Per https://github.com/miraheze/mw-config/blob/master/LocalSettings.php#L417, all logins are being prompted with an external login auth.
Less knowledgeable users may enter their login information which will be sent away from miraheze to an external provider who can in theory decrypt the information. (The implementation is likely not secure as the whole layer isn’t securely designed.)
Publicly disclosed already, and extremely easy to find.
| Unknown Object (Diffusion Commit) |
For security reasons it may be better to disable this feature for all domains not in staff control.
There isn’t a feature to enable/disable. It’s upstream domain stuff which is why the domain has been removed.
@Reception123 fyi you shouldn't have moved this to S2 but changed the policy to allow only Security+me (because I made this task and I could have looked into this way way earlier).

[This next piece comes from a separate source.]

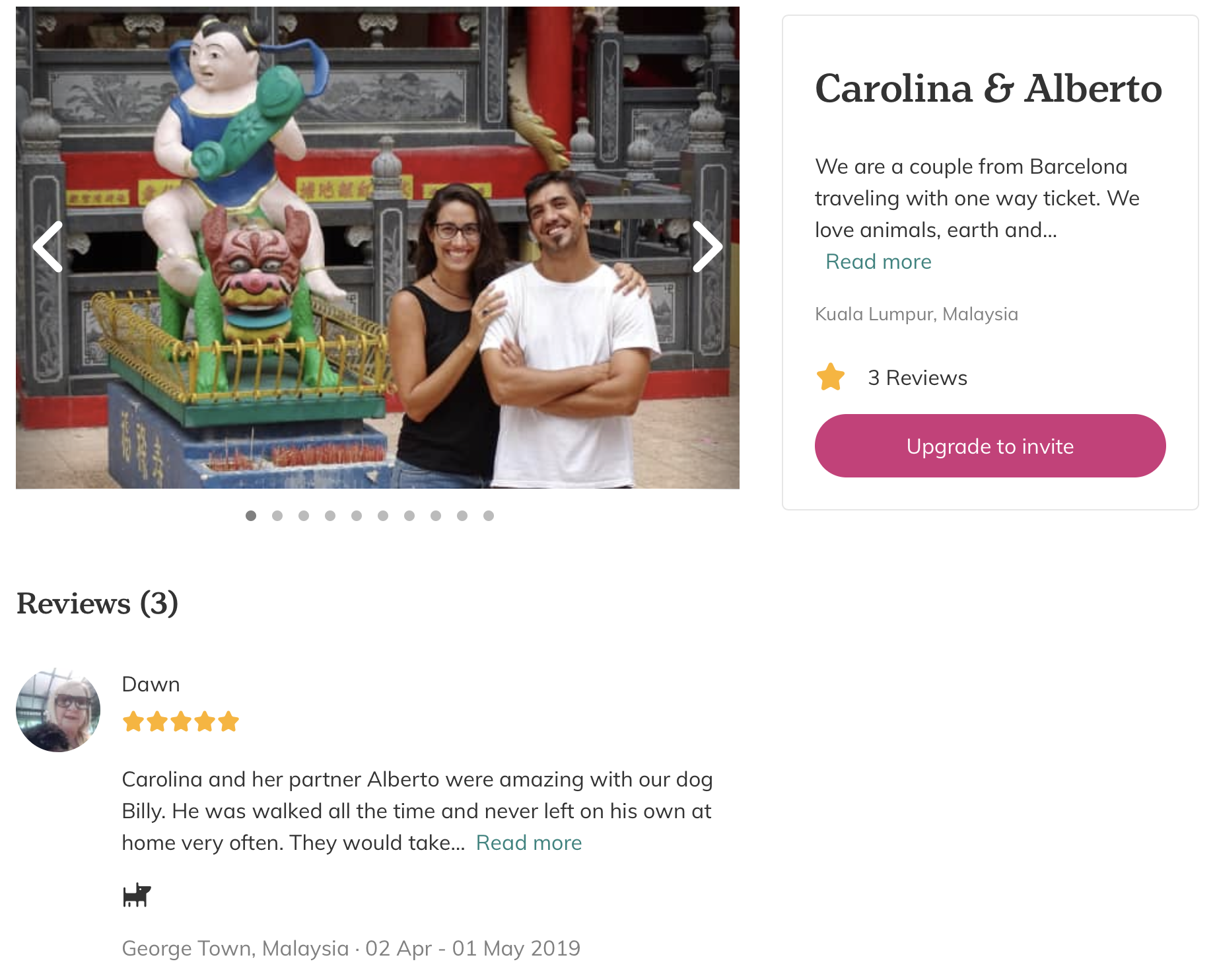 Con el usuario simple se pueden hacer consultas de anfitriones sin límite y con el usuario de pago se puede enviar mensajes para postular a una estancia. Así que si quieres probar esta nueva forma de viajar o, incluso de vivir, no dudes en pagar la cuota de entrada que amortizarás de sobra con una sola estancia como cuidador de mascotas. Realmente la cuota ya es una buena barrera de entrada, quién la paga sabe que es una inversión que, probablemente, con una única experiencia de cuidador será compensada. Y los propietarios saben que las personas que les escriben ya han pasado esta barrera inicial con la intención de entrar a formar parte de esta nueva forma de viajar.

Why was this change reverted? This auto-login vector is a security vulnerability (since the custom domains are not under our control) and DoS vector (one auto-login generates more than 250 web requests in just a few seconds. It's impossible to handle those with just 12 virtual cores!).
What's to be done here?
For checking if the domain is being loaded from Miraheze fleet - We're doing stuff like T3062: Crackdown for DNS repo: expired/no longer pointing us and T3063: Crackdown for SSL/mediawiki-config repo: DNS entry no longer points us. Automating would be more 'actionable', though.
We need to get this to work by not auto logging into the wiki's, but we carn't seem to get it working.